How we trust, perceive, and learn from virtual humans: The influence of voice quality

https://doi.org/10.1016/j.compedu.2019.103756Get rights and content

Highlights

  • Voice quality of a virtual human pedagogical agent can impact its trust ratings.

  • Voice quality did not influence learning outcomes.

  • Trust is related to the perceived virtual human qualities of facilitating learning, credibility, and engaging.

  • Trust in virtual humans may be an important factor to consider in future research.

Abstract

Research has shown that creating environments in which social cues are present (social agency) benefits learning. One way to create these environments is to incorporate a virtual human as a pedagogical agent in computer-based learning environments. However, essential questions remain about virtual human design, such as what voice should the virtual human use to communicate. Furthermore, to date research in the education literature around virtual humans has largely ignored one potentially salient construct – trust. This study examines how the quality of a virtual human's voice influences learning, perceptions, and trust in the virtual human. Results of on an online study show that the voice quality did not significantly influence learning, but it did influence trust and learners' other perceptions of the virtual human. This study, consistent with recent work around the voice effect, questions the efficacy of the voice effect and highlights areas of research around trust to further extend social agency theory in virtual human based learning environments.

Introduction

As artificial intelligence becomes more prevalent in everyday technology use, understanding what impacts people's trust in technology becomes increasingly important for technology design. Trust guides people's reliance on and compliance with technology. Therefore, trust has important implications for technology acceptance, adoption, and appropriate use (Davis, 1985; Muir, 1987). This may be particularly true in relation to learning technologies, where there are multiple stakeholders who must maintain a level of trust in those technologies to realize their effective and sustained use.

Past research has investigated myriad factors that influence trust in technology, including trust disposition, past experiences, task characteristics, work environment factors, and technology characteristics (Hoff & Bashir, 2014; Lee & See, 2004). Technology characteristics are of particular interest because they are often what designers have the most control over. One increasingly important design component of learning technologies are virtual humans. Virtual humans, which can take the role of pedagogical agents (Schroeder, Adesope, & Gilbert, 2013) or conversational agents (Graesser, Cai, Morgan, & Wang, 2017) depending on their specific implementations, were posited as a way to socially engage the learner with the learning system because they can add social presence, dynamic interactions, and feedback to a wide range of computer-mediated tasks (Craig & Schroeder, 2018; Park & Catrambone, 2007). As digital embodiments of artificially intelligent agents, virtual humans may be used to mediate interactions between people and computers to more effectively accomplish a goal, whether it is coordinating schedules (Horvitz, 1999), walking a customer through a sales process (Cassell & Bickmore, 2000), or learning about a topic (Craig & Schroeder, 2018; Schroeder et al., 2013).

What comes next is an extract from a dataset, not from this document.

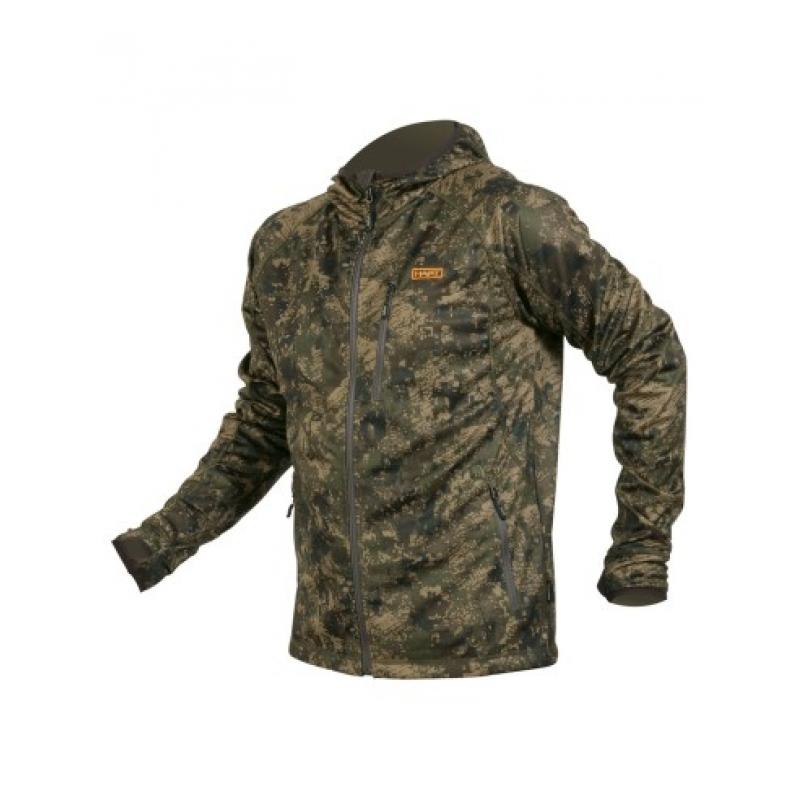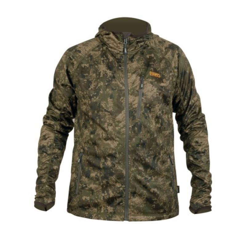 Coupe ergonomique et ajustée. Utilisation en couche intermédiaire ou extérieure. 3 poches : poche poitrine zippée avec port multimédia à l'intérieur pour connecter vos écouteurs et 2 poches inférieures zippées. Poignets extensibles avec trous pour les pouces. Masque caché sur la capuche pour une dissimulation totale.

The design of virtual humans is complex because they can influence the social interaction a learner has with the system (Bailenson & Yee, 2005; Nass & Moon, 2000). Heidig and Clarebout (2011) proposed a multi-level framework of design considerations to consider when creating a virtual human or other pedagogical agent. Beyond the visual element, interactive structure, timing, and content that make up the design of a virtual human, voice is another prominent characteristic that has been of particular interest. Using a human-recorded voice for a wide-range of customized applications is difficult to achieve at scale, thus researchers and designers have turned to text-to-speech technology or computer-generated voice. Computer-generated voice has been found to increase cognitive (analytic) and emotional (affective) trust in a virtual human compared to a virtual human without voice (Qiu & Benbasat, 2005). Others have investigated the effects of vocal pitch (Elkins & Derrick, 2013), personality (Nass & Lee, 2001a, 2001b), and gender in voice (Lee, Nass, & Brave, 2000), all of which have been found to influence trust. However, while these studies investigated how various qualities of an agent's voice affects trust, they have not done so in an educational context.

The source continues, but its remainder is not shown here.